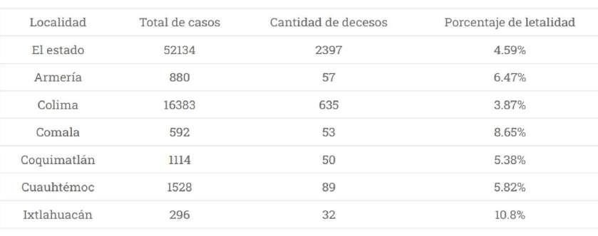 Puede verse que las menores letalidades han sido en Villa de Álvarez y en Colima capital. Las más altas en Ixtlahuacan, Co -
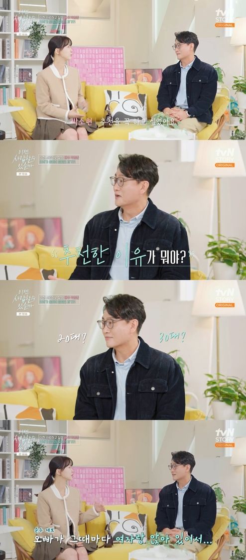 그는 "여기 추천해줘서 오긴 왔는데, 날 추천한 이유가 뭐냐"라고 궁금해했다. 이에 박소현은 "추천해주고 싶었다. 왜냐면 제가 20, 30대 때 강남에서 오빠를 봤었다. 그때마다 여자랑 앉아있고 그래서 당연히 그분들 중 한 분과 결혼할 줄 알았다"라고 깜짝 폭로했다.
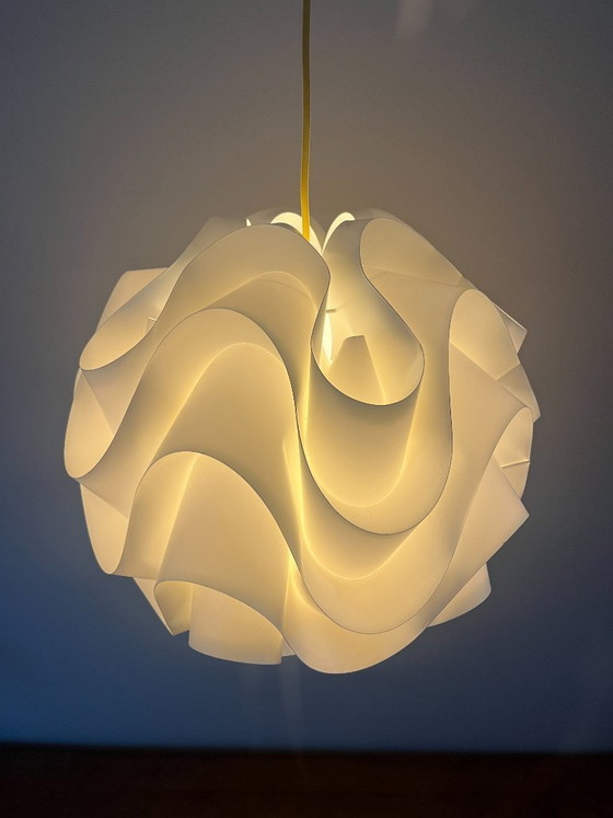 A beautiful plastic origami pendant lamp designed by Poul Christiansen in 1971.
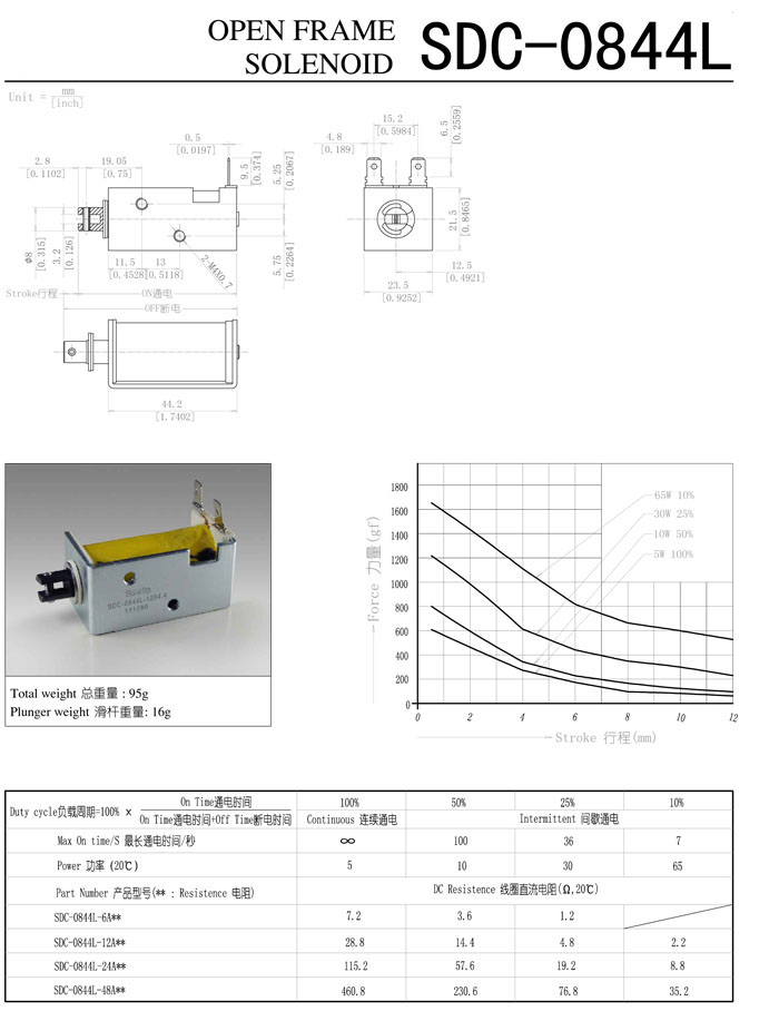 詳細信息 SDC-0844L-6A,SDC-0844L-12A,SDC-0844L-24A,SDC-0844L-48A,直動電磁鐵
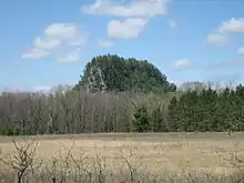 Roche-A-Cri can be seen from a few miles away when approaching on local road way. The relatively flat topography allows this mound to be seen from a distance however, when you are near the mound older forest growth that surrounds the state park somewhat shields the view of the immense hill. Either entering the park at its main entrance or at the winter season parking areas are the ways to get close up views of the flat rock faces of Roche-A-Cri.[1]
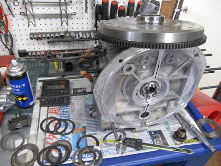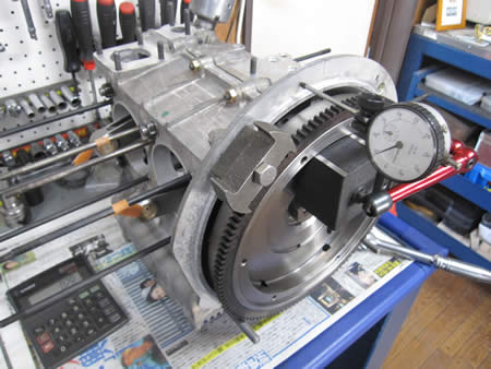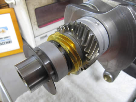 組み上がったクランクシャフトをケースにセットして、カムを組み込みバックラッシュの点検を行いました。
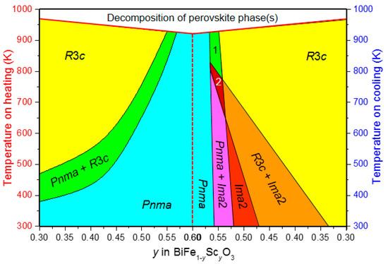 Based on the data of the in situ temperature XRD study, a tentative state diagram of the BiFe1−yScyO3 series in the range of 0.30 ≤ y ≤ 0.60, where the as-prepared phase is the antipolar orthorhombic phase, was suggested (Figure 7). The right part of the diagram indicates the irreversible Pnma-to-R3c transitions (both complete and incomplete), while the transitions shown in the left part are all reversible.
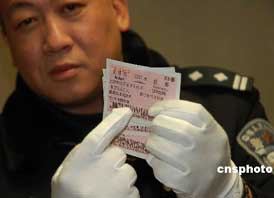 假票主要有“回頭票”、“補(bǔ)、涂改票”、“整版假票”三種;仡^票一般票面較舊,且已被剪口;補(bǔ)、涂改票由于刮掉了一部分纖維,顏色會(huì)有些發(fā)白,整個(gè)票面顏色不統(tǒng)一;而假票票面“中國(guó)鐵路”標(biāo)志以及背面的水印較為模糊,用手輕揉票面文字及數(shù)字時(shí),油墨即會(huì)沾在手上。
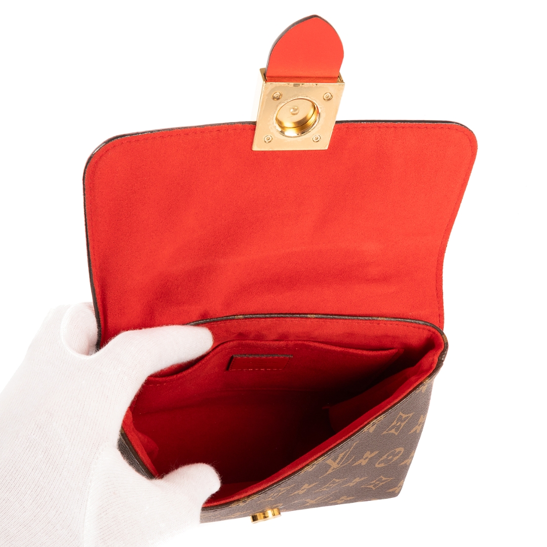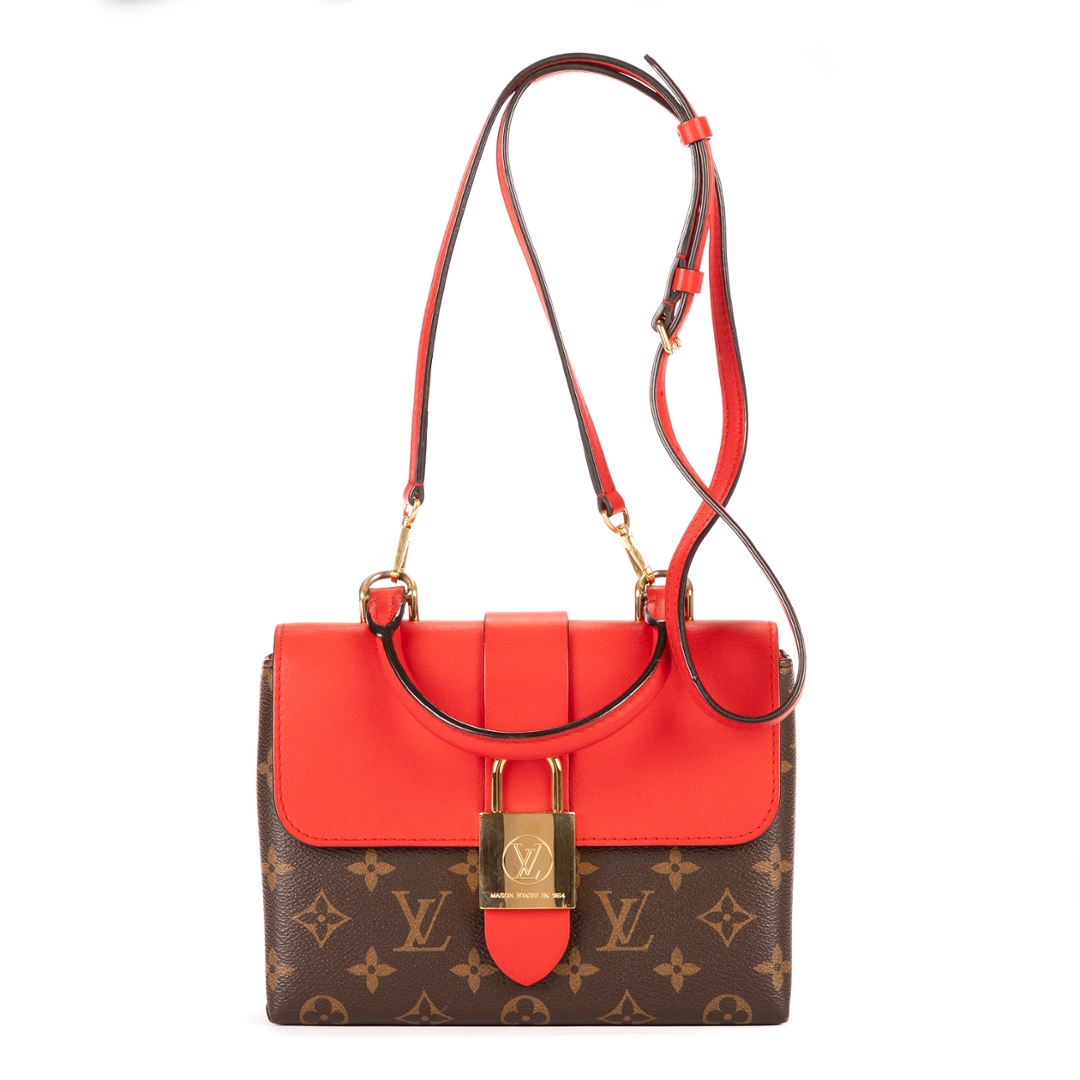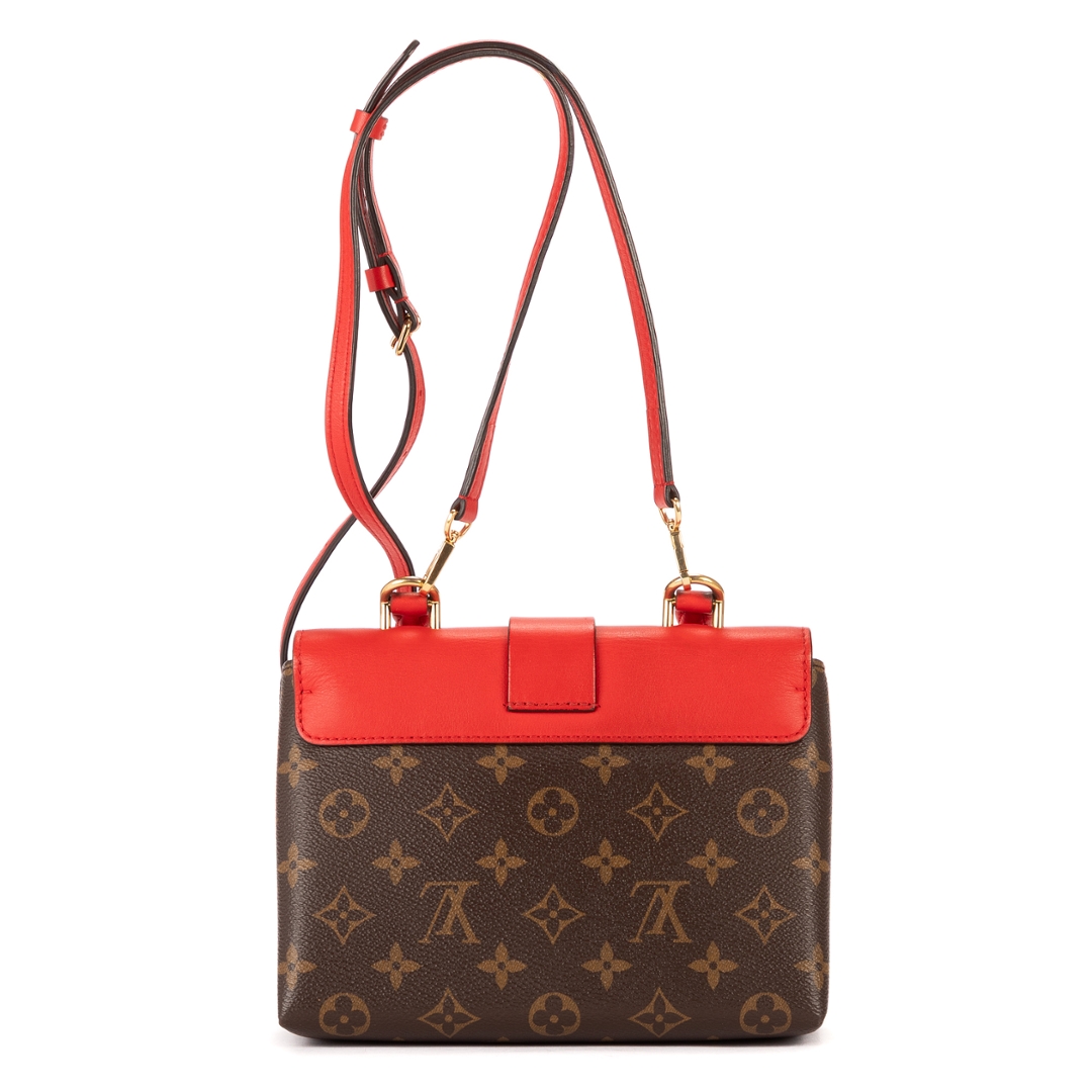 A vintage Louis Vuitton brown/red coated canvas Locky BB bag with a certificate of authenticity, Approximately 15cm height, 21cm width.

§

Leaving out each picture, repeat exactly the lines above from the one that contains "A beautiful plastic" through the one that contains "組み上がったクランクシャフト".

 A beautiful plastic origami pendant lamp designed by Poul Christiansen in 1971.
 詳細信息 SDC-0844L-6A,SDC-0844L-12A,SDC-0844L-24A,SDC-0844L-48A,直動電磁鐵
 Roche-A-Cri can be seen from a few miles away when approaching on local road way. The relatively flat topography allows this mound to be seen from a distance however, when you are near the mound older forest growth that surrounds the state park somewhat shields the view of the immense hill. Either entering the park at its main entrance or at the winter season parking areas are the ways to get close up views of the flat rock faces of Roche-A-Cri.[1]
 組み上がったクランクシャフトをケースにセットして、カムを組み込みバックラッシュの点検を行いました。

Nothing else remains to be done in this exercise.